Figure 11 illustrates the comparison of \({\overline{\Delta } }_{\upbeta }\) values for DP980, QP980, and AA5754-O when using the quadratic (\({k}_{\mathrm{p}}\)=2 in Eq. (5)) and non-quadratic (\({k}_{\mathrm{p}}\)=6 for DP980 and QP980 while \({k}_{\mathrm{p}}\)=8 for AA5754-O) plastic potential functions to calculate the plastic strain ratios.

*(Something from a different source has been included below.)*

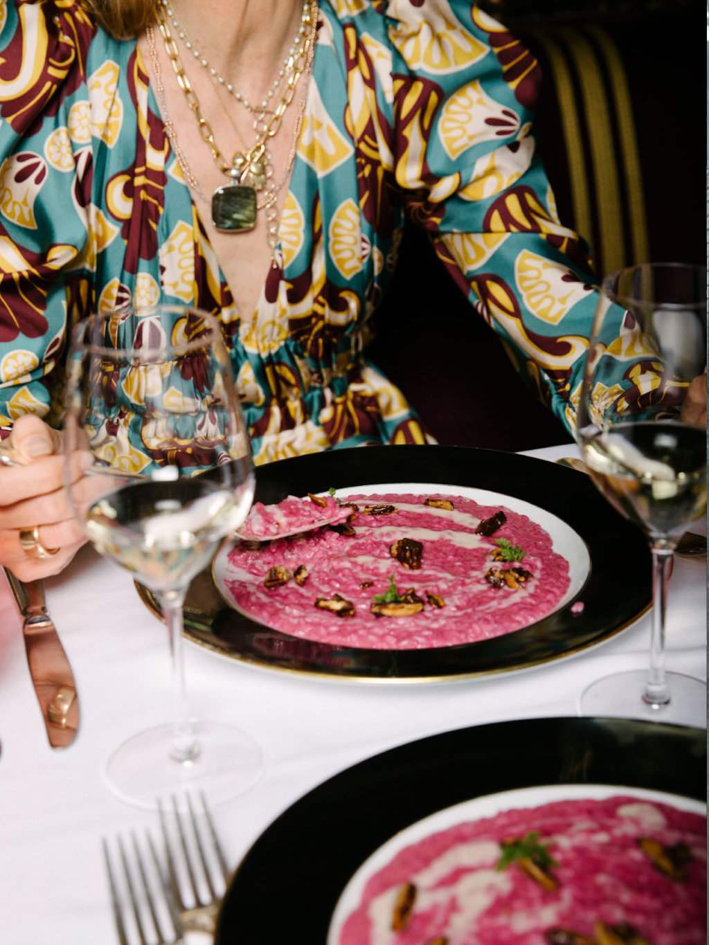 LaDoubleJ is an open window on the creative vision of JJ Martin, the founder of the brand, made of lively patterns and vibrant colours, such as the pink of the beetroot risotto she ordered for lunch at our restaurant. During our encounter, she told us about her job and the strong bond with spirituality, as well as sharing several anecdotes and memories related to her experience at Giacomo Milano.

For DP980, the errors decreased from 3.1° to 0.9°; for QP980, from 6.1° to 3.9°; and for the investigated aluminium alloy AA5754-O, from 7.0° to 0.2°. The comparison demonstrates that the use of a non-quadratic function rather than a quadratic function decreases the errors in predicting plastic strain directions for the investigated materials, especially for AA5754-O.

Fig. 11
figure 11

Average errors in angle when predicting plastic strain directions under plane strain and equi-biaxial tension by quadratic (\(\it {k}_{\mathrm{p}}\)=2 in Eq. (5)) and non-quadratic (\({k}_{\mathrm{p}}\)=6 for DP980 and QP980 while \({k}_{\mathrm{p}}\)=8 for AA5754-O in Eq. (5)) plastic potential function

5 Conclusions

A comprehensive investigation is conducted to examine the non-associated and non-quadratic characteristics of yielding in lightweight sheet metals, specifically dual-phase steel DP980, TRIP-assisted steel QP980, and aluminum alloy AA5754-O. The main conclusions are as follows:

  1. (1)

    The presented plasticity model under non-AFR shows good agreement with experimental data, including yield loci, yield stresses, and r-values under various loading conditions.

  2. (2)

    Clear differences are observed between the yield surface and plastic potential. The mechanical responses exhibited planar isotropy with respect to stress levels but displays planar anisotropy with respect to r-values.

  3. (3)

    Consideration of the non-quadratic characteristic of AA5754-O when selecting the yield stress function is found to be significant and necessary. However, the incorporation of non-quadratic functions only resulted in a slight reduction in the errors when predicting yield loci for advanced high-strength steels.

  4. (4)

    By incorporating non-quadratic plastic potential functions, the average errors in angle when predicting plastic strain directions are significantly reduced. For DP980, the errors decreased from 3.1° to 0.9°; for QP980, from 6.1° to 3.9°; and for AA5754-O, from 7.0° to 0.2°. This highlights the importance of considering the non-quadratic characteristic in the plastic potential for accurate modeling of aluminum alloys.